Xylarm cassa une branchette et se mit en devoir de schématiser ses propos. La vague patate parcourue de lignes qu'elle se mit à dessiner n'était pas très évocatrice. Tout en gribouillant, elle reprit son cours :
- Ce pouvoir s'installe dans le corps et dans l'esprit et se développe à mesure que son détenteur apprend à s'en servir.
(un petit bonhomme en bâton vint se joindre à la patate).
- Le problème, c'est que l'Essence démonique en tant que telle ne peut pas être utilisée. Il y a beaucoup trop de forces dans ce monde pour pouvoir toutes les rassembler en un seul hôte. Une absorption complète de l'Essence tuerait immédiatement son détenteur.
(petits traits saccadés partant dans la tête du bonhomme...une explosion ?)
- Pour éviter cela, la contamination par l'Essence est limitée à deux éléments : la fureur et la fièvre, la glace et le blizzard, la haine et la douleur, la maladie et la terreur, j'en passe et les plus croustillants.
Xylarm marqua une pause pour resserrer sa ceinture à la taille.
- Et donc, quel rapport avec ma crise de démence ?
- J'y viens. Une fois qu'un être humain est marqué par l'Essence, son esprit est à jamais partagé entre sa propre personnalité et celle des éléments qui lui sont inféodés.
(la brindille traça un deuxième bonhomme avec des cornes à coté du précédent)
- Hm, le pouvoir du Génif et du Nomif.
- C'est ça, en faisant alternativement dominer un coté ou l'autre de son esprit, le démon peut basculer entre deux états. La personnalité qui en résulte peut-être totalement différente selon le type d'éléments qui l'habitent. Mais...

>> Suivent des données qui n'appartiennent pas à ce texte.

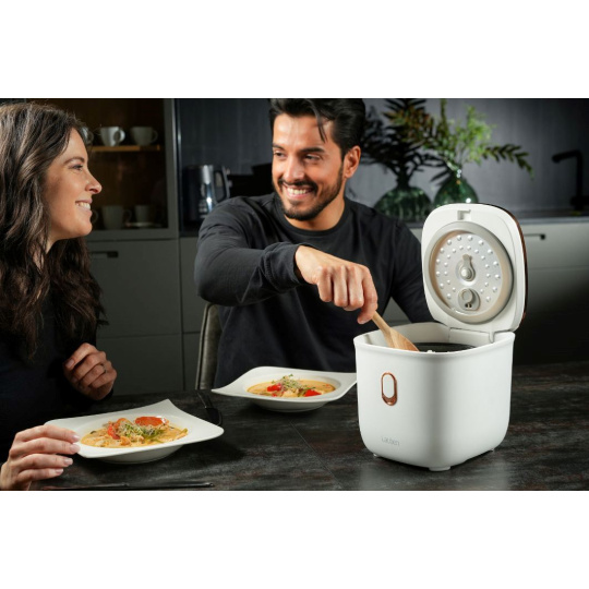 Každý, kdo si potrpí na prvotřídně připravené pokrmy a zároveň nechce trávit mnoho času v kuchyni, by se měl vybavit multifunkčním rýžovarem. Lauben Multifunction Rice Cooker 1200WR připraví po stisku jediného tlačítka všechny druhy rýže tím správným způsobem. Navíc disponuje 6 přednastavenými funkcemi – Rice, Porridge, Soup, Re-heat, Baby Porridge, Coarse Grains – pro snadnou přípravu polévek, kaší, obilovin či opětovný ohřev. Zdá se vám program krátký? Upravte si ho, některé umožňují manuální nastavení času.
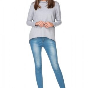 Sportowa bluza typu kimono z kapturem wykonana z dzianiny dresowej. Rękaw długi. Tył delikatnie przedłużany. Rękaw oraz dół bluzy pozostawiony w stanie surowym
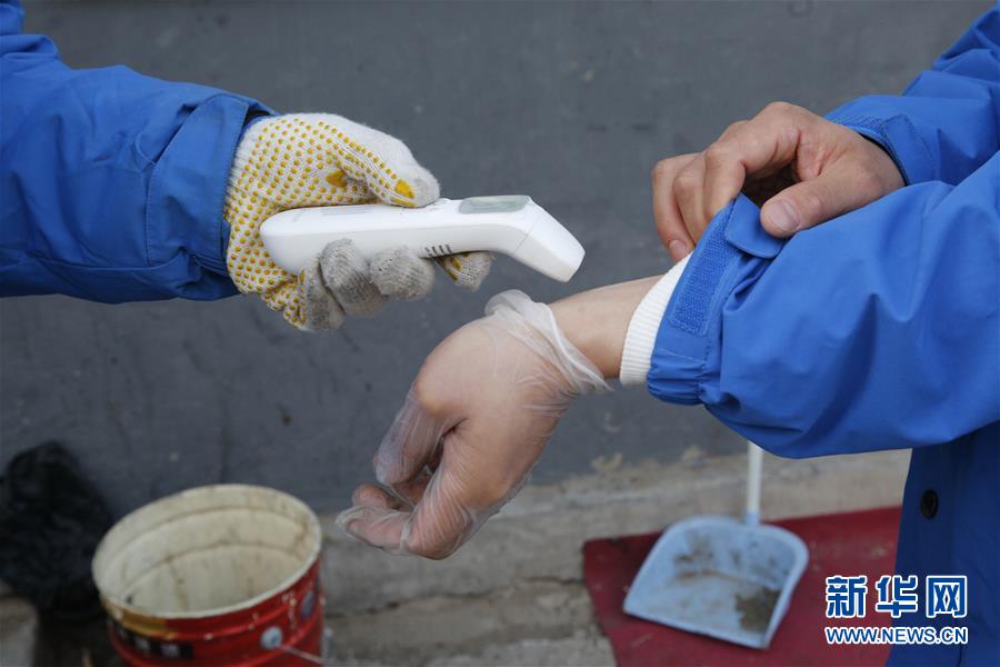 3月12日,李杰在中通快遞北京廠洼路網點上崗前檢測體溫。新華社記者張玉薇攝
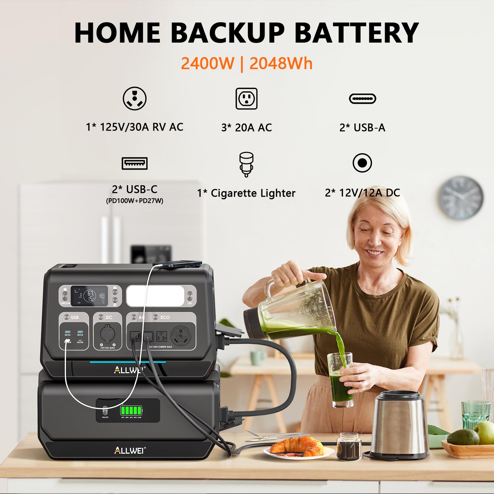 【Expandable from 2kWh to 10kWh】ALLWEI PPS2400-3 with 2048Wh B200 PRO LFP battery. Expand up to 10240Wh with 4x B200 PRO, ensuring uninterruptible power for all your needs during outages. Simultaneous Charge and Discharge.

(le bâton gribouilla l'homme originel)
...avec le temps, la personnalité de l'humain à tendance à s'effacer face à l'Essence. Le Génif a de plus en plus d'attractivité. C'est pour cela que les démons limitent leurs métamorphoses au strict minimum. Succomber à l'Essence signifie perdre son esprit. Le corps n'est plus régit que par ses instincts...en général il ne faut pas longtemps avant qu'il ne soit massacré. Soit par ses contemporains, soit par lui-même.
Xylarm se redressa pour regarder Quintus dans les yeux.
- La mort de Zalnash a perturbé cette belle organisation. Par sa force, il contribuait à préserver l'équilibre entre l'Essence et l'esprit de ses servants. Quintus...j'ai peur que tu ne sois en train de succomber à la Fureur et la Fièvre. Avant peu de temps, tu risques de perdre ton humanité.